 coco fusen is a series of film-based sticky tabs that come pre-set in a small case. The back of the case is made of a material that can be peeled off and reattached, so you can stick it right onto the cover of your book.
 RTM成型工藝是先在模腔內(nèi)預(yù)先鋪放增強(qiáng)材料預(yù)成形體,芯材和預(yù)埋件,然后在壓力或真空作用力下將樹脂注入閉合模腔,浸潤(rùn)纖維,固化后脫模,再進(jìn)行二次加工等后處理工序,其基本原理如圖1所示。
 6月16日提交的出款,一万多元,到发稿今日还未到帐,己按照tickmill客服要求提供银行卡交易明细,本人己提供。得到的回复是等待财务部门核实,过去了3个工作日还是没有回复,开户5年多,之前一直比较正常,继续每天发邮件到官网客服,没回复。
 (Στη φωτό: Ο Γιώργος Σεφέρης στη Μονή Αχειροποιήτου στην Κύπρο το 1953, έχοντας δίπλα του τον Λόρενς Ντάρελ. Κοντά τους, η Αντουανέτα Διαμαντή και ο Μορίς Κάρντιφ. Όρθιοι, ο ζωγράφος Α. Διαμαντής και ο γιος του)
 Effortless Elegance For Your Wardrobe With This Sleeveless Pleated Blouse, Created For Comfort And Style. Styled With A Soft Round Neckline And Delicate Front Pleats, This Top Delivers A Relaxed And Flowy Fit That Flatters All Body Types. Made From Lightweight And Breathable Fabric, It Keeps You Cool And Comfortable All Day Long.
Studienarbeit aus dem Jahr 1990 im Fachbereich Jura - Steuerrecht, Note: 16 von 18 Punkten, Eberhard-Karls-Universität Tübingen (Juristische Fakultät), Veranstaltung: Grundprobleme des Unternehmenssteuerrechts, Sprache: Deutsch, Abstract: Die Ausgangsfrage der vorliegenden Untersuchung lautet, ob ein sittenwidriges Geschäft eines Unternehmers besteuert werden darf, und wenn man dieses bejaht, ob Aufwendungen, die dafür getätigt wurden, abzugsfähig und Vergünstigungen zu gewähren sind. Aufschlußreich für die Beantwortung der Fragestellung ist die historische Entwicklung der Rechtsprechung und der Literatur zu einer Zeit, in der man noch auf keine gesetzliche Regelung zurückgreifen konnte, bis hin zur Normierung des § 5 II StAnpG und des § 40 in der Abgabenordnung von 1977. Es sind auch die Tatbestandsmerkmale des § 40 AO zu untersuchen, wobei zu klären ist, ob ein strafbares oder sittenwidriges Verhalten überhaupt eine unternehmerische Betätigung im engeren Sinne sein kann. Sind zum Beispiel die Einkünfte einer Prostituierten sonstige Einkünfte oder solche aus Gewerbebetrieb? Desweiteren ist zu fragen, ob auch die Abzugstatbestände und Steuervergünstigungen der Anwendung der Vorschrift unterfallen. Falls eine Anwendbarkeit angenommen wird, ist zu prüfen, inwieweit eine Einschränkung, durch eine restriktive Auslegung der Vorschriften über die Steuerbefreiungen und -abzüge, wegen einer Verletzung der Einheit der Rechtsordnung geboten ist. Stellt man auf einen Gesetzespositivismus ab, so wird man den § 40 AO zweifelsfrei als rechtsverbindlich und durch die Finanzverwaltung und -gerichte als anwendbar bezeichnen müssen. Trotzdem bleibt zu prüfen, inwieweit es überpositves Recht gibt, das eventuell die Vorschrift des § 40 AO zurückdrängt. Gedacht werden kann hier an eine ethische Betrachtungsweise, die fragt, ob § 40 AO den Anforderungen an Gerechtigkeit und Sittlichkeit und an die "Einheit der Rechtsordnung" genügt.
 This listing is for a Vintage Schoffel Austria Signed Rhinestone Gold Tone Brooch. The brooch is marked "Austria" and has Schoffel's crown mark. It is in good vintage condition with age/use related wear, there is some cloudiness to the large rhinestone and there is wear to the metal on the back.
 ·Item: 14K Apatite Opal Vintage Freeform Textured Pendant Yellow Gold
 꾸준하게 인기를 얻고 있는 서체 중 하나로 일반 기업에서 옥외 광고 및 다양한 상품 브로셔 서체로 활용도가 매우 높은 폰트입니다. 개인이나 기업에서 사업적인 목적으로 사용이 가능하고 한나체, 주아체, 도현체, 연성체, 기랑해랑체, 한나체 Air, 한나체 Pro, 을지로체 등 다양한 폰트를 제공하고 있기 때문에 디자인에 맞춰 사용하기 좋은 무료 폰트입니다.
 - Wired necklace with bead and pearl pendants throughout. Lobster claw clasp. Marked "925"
※
WORK REQUIRED – Exactly the lines from the one containing "This listing is" through the end of the listing above, inclusive, are to be written out, and no others.

OUTPUT OF THE EXERCISE –
 This listing is for a Vintage Schoffel Austria Signed Rhinestone Gold Tone Brooch. The brooch is marked "Austria" and has Schoffel's crown mark. It is in good vintage condition with age/use related wear, there is some cloudiness to the large rhinestone and there is wear to the metal on the back.
 ·Item: 14K Apatite Opal Vintage Freeform Textured Pendant Yellow Gold
 꾸준하게 인기를 얻고 있는 서체 중 하나로 일반 기업에서 옥외 광고 및 다양한 상품 브로셔 서체로 활용도가 매우 높은 폰트입니다. 개인이나 기업에서 사업적인 목적으로 사용이 가능하고 한나체, 주아체, 도현체, 연성체, 기랑해랑체, 한나체 Air, 한나체 Pro, 을지로체 등 다양한 폰트를 제공하고 있기 때문에 디자인에 맞춰 사용하기 좋은 무료 폰트입니다.
 - Wired necklace with bead and pearl pendants throughout. Lobster claw clasp. Marked "925"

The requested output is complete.